-- Records for the exercise --
== Segment start ==
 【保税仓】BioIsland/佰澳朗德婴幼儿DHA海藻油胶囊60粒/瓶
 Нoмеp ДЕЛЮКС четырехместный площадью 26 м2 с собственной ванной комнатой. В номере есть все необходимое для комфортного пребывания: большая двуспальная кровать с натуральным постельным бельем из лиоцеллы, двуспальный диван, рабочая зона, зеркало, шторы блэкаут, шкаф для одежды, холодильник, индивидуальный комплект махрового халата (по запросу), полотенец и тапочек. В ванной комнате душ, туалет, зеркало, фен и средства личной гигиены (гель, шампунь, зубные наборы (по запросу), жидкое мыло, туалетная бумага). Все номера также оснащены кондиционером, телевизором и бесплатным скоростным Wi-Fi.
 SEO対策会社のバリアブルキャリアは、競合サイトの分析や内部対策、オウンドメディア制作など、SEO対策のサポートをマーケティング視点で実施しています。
== Segment end ==
== Segment start ==
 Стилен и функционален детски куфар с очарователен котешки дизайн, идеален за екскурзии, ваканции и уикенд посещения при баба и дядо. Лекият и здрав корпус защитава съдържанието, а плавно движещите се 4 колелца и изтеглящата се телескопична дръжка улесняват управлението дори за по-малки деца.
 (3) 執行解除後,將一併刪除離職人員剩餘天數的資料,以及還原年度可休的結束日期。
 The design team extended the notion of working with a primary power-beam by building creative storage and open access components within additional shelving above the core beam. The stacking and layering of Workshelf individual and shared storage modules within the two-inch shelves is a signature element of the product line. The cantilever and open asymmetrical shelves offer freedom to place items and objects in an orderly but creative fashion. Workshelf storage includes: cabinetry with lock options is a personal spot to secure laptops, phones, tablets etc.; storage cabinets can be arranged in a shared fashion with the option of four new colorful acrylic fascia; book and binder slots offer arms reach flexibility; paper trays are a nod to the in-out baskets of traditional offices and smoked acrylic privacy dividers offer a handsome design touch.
== Segment end ==
== Segment start ==
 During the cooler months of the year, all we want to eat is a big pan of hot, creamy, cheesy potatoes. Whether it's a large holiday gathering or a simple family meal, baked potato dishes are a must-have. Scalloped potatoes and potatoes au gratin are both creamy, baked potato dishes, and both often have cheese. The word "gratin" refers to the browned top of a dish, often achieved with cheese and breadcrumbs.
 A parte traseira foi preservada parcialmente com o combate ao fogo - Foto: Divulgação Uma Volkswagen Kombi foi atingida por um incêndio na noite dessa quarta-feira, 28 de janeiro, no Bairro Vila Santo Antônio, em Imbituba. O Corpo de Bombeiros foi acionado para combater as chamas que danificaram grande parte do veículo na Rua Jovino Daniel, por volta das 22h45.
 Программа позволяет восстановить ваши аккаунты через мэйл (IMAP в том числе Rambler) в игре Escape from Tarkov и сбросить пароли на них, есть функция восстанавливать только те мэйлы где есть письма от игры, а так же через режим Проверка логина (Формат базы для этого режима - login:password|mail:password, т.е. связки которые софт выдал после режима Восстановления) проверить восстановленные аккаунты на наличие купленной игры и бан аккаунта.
== Segment end ==
-- Activity --
Looking at the entries above, can you reproduce exactly the lines from the one that holds "During the cooler" through the one that holds "Программа позволяет восстановить", and only those?

-- Written response --
 During the cooler months of the year, all we want to eat is a big pan of hot, creamy, cheesy potatoes. Whether it's a large holiday gathering or a simple family meal, baked potato dishes are a must-have. Scalloped potatoes and potatoes au gratin are both creamy, baked potato dishes, and both often have cheese. The word "gratin" refers to the browned top of a dish, often achieved with cheese and breadcrumbs.
 A parte traseira foi preservada parcialmente com o combate ao fogo - Foto: Divulgação Uma Volkswagen Kombi foi atingida por um incêndio na noite dessa quarta-feira, 28 de janeiro, no Bairro Vila Santo Antônio, em Imbituba. O Corpo de Bombeiros foi acionado para combater as chamas que danificaram grande parte do veículo na Rua Jovino Daniel, por volta das 22h45.
 Программа позволяет восстановить ваши аккаунты через мэйл (IMAP в том числе Rambler) в игре Escape from Tarkov и сбросить пароли на них, есть функция восстанавливать только те мэйлы где есть письма от игры, а так же через режим Проверка логина (Формат базы для этого режима - login:password|mail:password, т.е. связки которые софт выдал после режима Восстановления) проверить восстановленные аккаунты на наличие купленной игры и бан аккаунта.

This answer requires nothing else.